Было бы неплохо, если бы мать хоть чуточку уважала то, что действительно важно.

О, это превосходный кухонный ящик, даже если отчаянно торопишься.

Возле коробки с перепутанной бечевкой лежали свечные огарки, оставшиеся после многих лет субботних вечеров, их хранят в бережливом предвкушении ураганов, латунные ключи от сменившихся замков (трудно выкинуть такую тщательно и искусно сделанную штуку, как металлический ключ), прямые ручки с засохшими чернилами на перьях, их можно оттереть, если постараться (объясняла мать горничной), зубочистки, которыми никогда не пользовались (особенно для чистки зубов), сломанные ножницы (новые хранились в другом ящике: они и через десять лет все еще назывались «новые ножницы»), использованные резиновые кольца от банок домашних консервов (маринованные помидоры, зеленые, мерзкие, плотнокожие), дверные ручки, гайки, весь этот домашний мусор, хранимый алчностью.

Он вслепую пошарил в коробке с бечевкой, поскольку ящик никогда не открывался до конца.

– Печенюшка, кусочек медовой коврижки, есть целая коробка миндальных пирожных?

Ага! ярко-красная.

Рубцы танцевали по всему воображаемому лайзиному телу.

– Клубника, – окликнула мать, будто прощаясь.

Дети особым способом проникают в гаражи, сараи, на чердаки – так же, как вступают в огромные залы и семейные часовни. Гаражи, сараи и чердаки всегда старше зданий, к которым прилепились. Наполнены темным благоговейным воздухом громадного кухонного ящика. Дружелюбные музеи.

Внутри было темно, пахло маслом и прошлогодними листьями, которые крошились под ногами. Влажно мерцали куски железа, края лопат и консервных банок.

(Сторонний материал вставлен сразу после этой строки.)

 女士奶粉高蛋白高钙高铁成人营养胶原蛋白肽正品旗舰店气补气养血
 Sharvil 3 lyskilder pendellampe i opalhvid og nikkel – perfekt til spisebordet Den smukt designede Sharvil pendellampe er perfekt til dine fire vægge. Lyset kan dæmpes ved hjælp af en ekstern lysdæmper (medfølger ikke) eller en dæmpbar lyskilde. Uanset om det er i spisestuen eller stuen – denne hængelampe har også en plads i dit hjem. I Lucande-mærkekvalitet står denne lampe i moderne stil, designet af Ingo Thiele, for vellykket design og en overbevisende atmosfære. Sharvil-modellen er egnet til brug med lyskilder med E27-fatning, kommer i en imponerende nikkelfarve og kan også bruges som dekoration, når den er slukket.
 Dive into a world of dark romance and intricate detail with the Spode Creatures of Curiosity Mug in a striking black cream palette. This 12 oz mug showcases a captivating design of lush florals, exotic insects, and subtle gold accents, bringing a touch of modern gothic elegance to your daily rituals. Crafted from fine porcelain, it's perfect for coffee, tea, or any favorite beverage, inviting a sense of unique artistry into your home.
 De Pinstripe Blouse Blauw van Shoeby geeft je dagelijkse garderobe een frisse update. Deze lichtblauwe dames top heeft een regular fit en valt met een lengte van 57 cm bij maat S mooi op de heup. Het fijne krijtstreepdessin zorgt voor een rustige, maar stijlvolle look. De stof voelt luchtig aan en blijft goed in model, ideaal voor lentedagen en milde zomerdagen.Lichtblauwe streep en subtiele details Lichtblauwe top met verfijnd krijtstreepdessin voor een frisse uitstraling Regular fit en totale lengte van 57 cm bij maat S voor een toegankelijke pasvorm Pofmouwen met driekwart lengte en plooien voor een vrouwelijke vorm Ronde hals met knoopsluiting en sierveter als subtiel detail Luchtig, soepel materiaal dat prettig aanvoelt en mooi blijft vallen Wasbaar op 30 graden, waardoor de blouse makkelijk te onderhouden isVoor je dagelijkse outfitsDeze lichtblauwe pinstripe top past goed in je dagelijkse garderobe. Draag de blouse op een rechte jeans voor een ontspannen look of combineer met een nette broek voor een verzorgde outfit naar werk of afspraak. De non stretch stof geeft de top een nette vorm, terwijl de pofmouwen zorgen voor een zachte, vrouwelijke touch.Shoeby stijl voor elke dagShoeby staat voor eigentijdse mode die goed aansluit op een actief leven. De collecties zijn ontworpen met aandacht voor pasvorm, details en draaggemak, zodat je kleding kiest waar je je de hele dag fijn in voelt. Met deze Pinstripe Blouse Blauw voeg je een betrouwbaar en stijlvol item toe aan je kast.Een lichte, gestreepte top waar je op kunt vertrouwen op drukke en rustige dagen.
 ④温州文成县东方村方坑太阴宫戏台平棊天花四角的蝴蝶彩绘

– Ты американка, – сказал Кранц.

– Нет, – сказала Лайза.

– Ты американка, – сказал Бривман. – Двое против одного.

Огонь зениток Бривмана и Кранца был очень плотен. В темноте Лайза предприняла дерзкий маневр, вытянув руки.

– Эхехехехехехех, – заикались ее пулеметы.

Она подбита.

Вошла в эффектное пике и в последний момент катапультировалась. Покачиваясь с ноги на ногу, она плыла по небу, глядя вниз, зная, что ей крышка.

Великолепная танцовщица, подумал Бривман.

Лайза наблюдала, как к ней приближается Кранц.

– Achtung. Heil Hitler![4] Ты пленница Третьего рейха.

– Планы я проглотила.

– Ми имеем спосопы.

Ее отвели и уложили лицом на раскладушку.

– Только по попе.

Ух ты, они белые, совершенно белые.

Ее небольно отхлестали красной бечевкой по ягодицам.

– Повернись, – скомандовал Бривман.

– Мы договаривались: только по попе, – возмутилась Лайза.

– То в прошлый раз, – возразил законник Кранц.

Ей пришлось все снять и сверху тоже, и раскладушка исчезла из-под нее, а она плыла в осенней тьме гаража, в двух футах над каменным полом.

О боже, боже, боже.

Когда настала его очередь, Бривман стегать отказался. По всему ее телу росли белые цветы.

– Что это с ним? Я одеваюсь.

– Третий райх не топускает непофинофения, – сказал Кранц.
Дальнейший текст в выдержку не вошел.